SLA Biomedical and Life Sciences Division

DBIO Bylaws

Adopted: June 10, 1963
Amended: June 1983
Amended: June 1990
Amended: June 1997
Amended: June 1998
Amended: June 1999
Amended: June 2003



ARTICLE I. NAME AND OBJECTIVES

Section 1. The name of this organization shall be the Biomedical and Life Sciences Division, Special Libraries Association, hereafter referred to as the "Division."

Section 2. The objectives of this Division shall be those of the Special Libraries Association: to provide an association of individuals and organizations having a professional, scientific, or technical interest in library and information science, especially as these are applied in the recording, retrieval, and dissemination of knowledge and information in areas such as the physical, biological, technical, and social sciences and the humanities; and to promote and improve the communication, dissemination and use of such information and knowledge for the benefit of libraries or other educational organizations.

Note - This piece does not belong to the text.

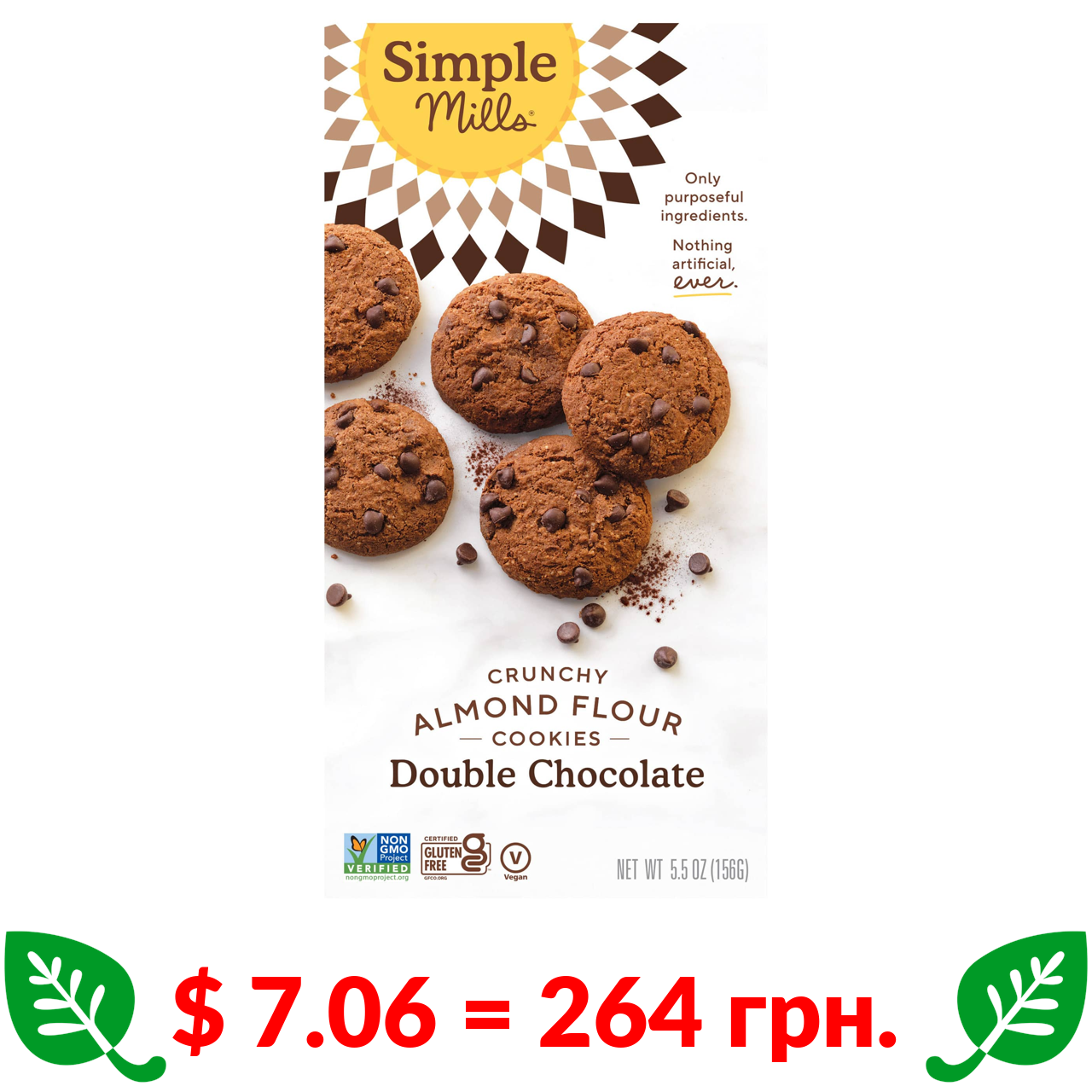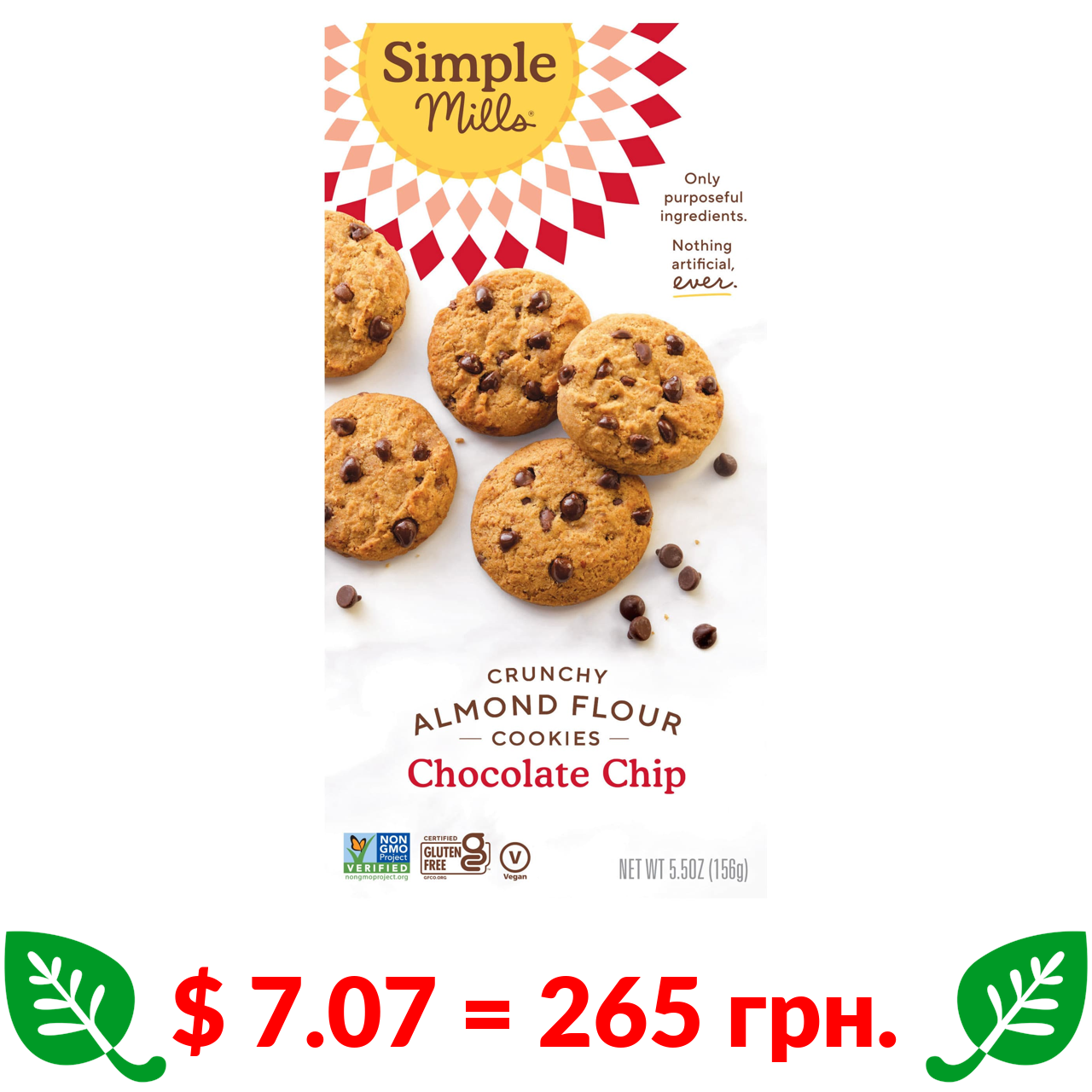 $ 7.07 = 265 грн. Simple Mills, хрустке печиво з мигдальним борошном і шоколадними крихтами, 156 г (5,5 унції)

Section 3. The scope of the Biomedical and Life Sciences Division encompasses all aspects of the life sciences, both pure and applied, including: biology and biochemistry, zoology and botany, microbiology, genetics, biotechnology, evolution, ecology, veterinary and human medicine, health sciences, and other aspects of the life sciences not specifically noted, or encompassed by another SLA Division. The Division promotes the exchange of information and ideas about trends and advances in information storage, retrieval and analysis, collection management, and dissemination in these fields to support research, education, and commercial endeavors.


ARTICLE II. MEMBERSHIP

Section 1. The membership of the Division shall be all those members of Special Libraries Association who elect to affiliate with the Division.

Section 2. Members, Associate Members, and Retired Members of the Association who are members of the Division shall have the right to vote and to hold any elective or appointive office in the Division.

Section 3. Student Members of the Association who are members of the Division shall have the right to vote and to hold any appointive, but not elective, office in the Division.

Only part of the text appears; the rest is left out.